Jessica Henwick

Jessica Henwick is a Eurasian director, writer and actor born in Surrey. She was raised on a steady diet of Singaporean food and fantasy books, and to her father’s dismay dropped out of school when she was seventeen. Her BAFTA-nominated directorial debut “Bus Girl” won the Audience Award and Best Narrative Short at the Birmingham Film Festival and Coronado Film Festival, respectively. She is also the recipient of the Mary Pickford Prize for female filmmakers and last year was named The Hollywood Reporter’s Rising Star and Variety’s Top 10 to Watch. She can currently be seen in “Glass Onion: A Knives Out Mystery” on Netflix.

Tara Karajica talks to Jessica Henwick about her directorial debut with the short film “Bus Girl, the short form, her acting career, women in film and what she is up to next.


What made you want to become an actress?

Jessica Henwick: I just always loved telling stories from a really young age. And, I think that I was always going to end up in the arts in one way. I started acting when I was a teenager and I think it was a pretty natural progression for me to end up writing and directing as well because I kind of see them all as the same thing, which is storytelling.

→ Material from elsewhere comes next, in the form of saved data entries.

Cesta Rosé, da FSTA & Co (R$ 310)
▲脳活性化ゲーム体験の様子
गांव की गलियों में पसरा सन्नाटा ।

Can you delve more into your jump to directing? Was it difficult?

J.H.: It was definitely difficult. But I think a lot of the difficulties were in my mind. I had wanted to direct for a really long time, but I didn’t go to film school or even drama school and I dropped out of school when I was sixteen. So, I just felt like I wasn’t qualified and that’s what held me back for a really long time. And, my producer, Louise [Palmkvist Hansen], had been telling me for a while: “You should really try directing, you should try directing.” I kept saying: “You know, it’s not ready. I’m not ready. It’s not the right time. It’s not the right project.” And, finally, I got to the stage where I realized it will never be the right time, or the right project. You just have to do it and learn on the job. And, I was very privileged to be able to do that because of my acting and to have the support team, a crew and a cast who I had worked with on other projects – some of them anyway –. So, it was a perfect storm of everyone’s availability opening at the same time and we got quite lucky, I think.

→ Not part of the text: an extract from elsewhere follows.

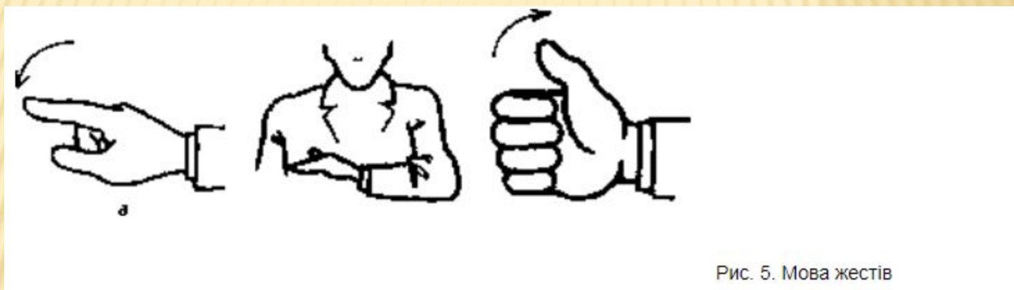
Рис. 5. Мова жестів

How did Bus Girl come about?

J.H.: So, Louise, my producer, who I mentioned, called me and we’ve been going back and forth about making a short film because in England if you want to go through the BFI or any sort of Arts Council film funding, usually for a feature, you have to have made two shorts to prove that you can do it and to be eligible for government funding. So, I started writing down this idea and it happened very quickly. I think I finished the script in an hour or so and I sent it to her – it was a very early version, obviously – and she sent it to the phone company. We, for anyone who doesn’t know, shot this on a phone. And, they were like: “Yeah, do it!” I think we had a month of pre-production from that point onwards until I started filming in London.

I see there’s a parallel between the film world and the fine dining world and how difficult it is to exist in both ecosystems, but it’s also from a female perspective. Can you elaborate on that?

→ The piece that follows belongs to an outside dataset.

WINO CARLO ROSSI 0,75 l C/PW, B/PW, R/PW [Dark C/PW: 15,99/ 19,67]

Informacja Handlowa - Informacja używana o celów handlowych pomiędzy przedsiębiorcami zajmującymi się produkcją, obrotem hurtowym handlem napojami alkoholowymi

J.H.: For me, it’s always character and story first, but I’m definitely drawn to stories about underdogs and very female centric stories. I’m never going to write a film about five guys; that’s just not what I’m good at. And, I wouldn’t feel like I’d know what to do. But, of course, I can write about women very easily. And, yes, there are a lot of parallels. I really think that it’s about having a dream and something that’s not considered reachable. With the culinary world, the best chefs that we named drop, the Gordon Ramsays of the world – the first one that came into my head – are usually men. The percentage of women working as head chefs in Michelin starred restaurants is pretty disproportionately male. And so, I just wanted to write about someone who was trying something that didn’t seem statistically possible, which is really how I felt as a child when I started acting. Everyone kept telling me the chances of me being able to make a living from this work were so low because, I mean, how many Asian actors do you remember on screen in the 90s? Really? When I told people I wanted to be an actor, everyone would just go: “Lucy Liu.” That was the one person that they could name. Who is incredible, and I love her, but she is an American, and there was no one in the UK doing it. So, it really didn’t seem statistically possible. Even my drama teacher said to me: “You shouldn’t do this. There just aren’t going to be roles for you.” But I have that sort of delusional self-belief that you need sometimes to get you to keep going. And, I fed on it and the more people told me it wasn’t possible, the more I was like: “Well, then I have to do it.” Just to prove them wrong. So yes, there are a lot of parallels between breaking into the cooking industry and breaking into the arts, but I think across the board; any industry which you are in minority, whether that’s for your gender, your ethnicity, age, whatever it is. I hope that people can watch the film and go: “Oh, I know this feeling. I know this experience.”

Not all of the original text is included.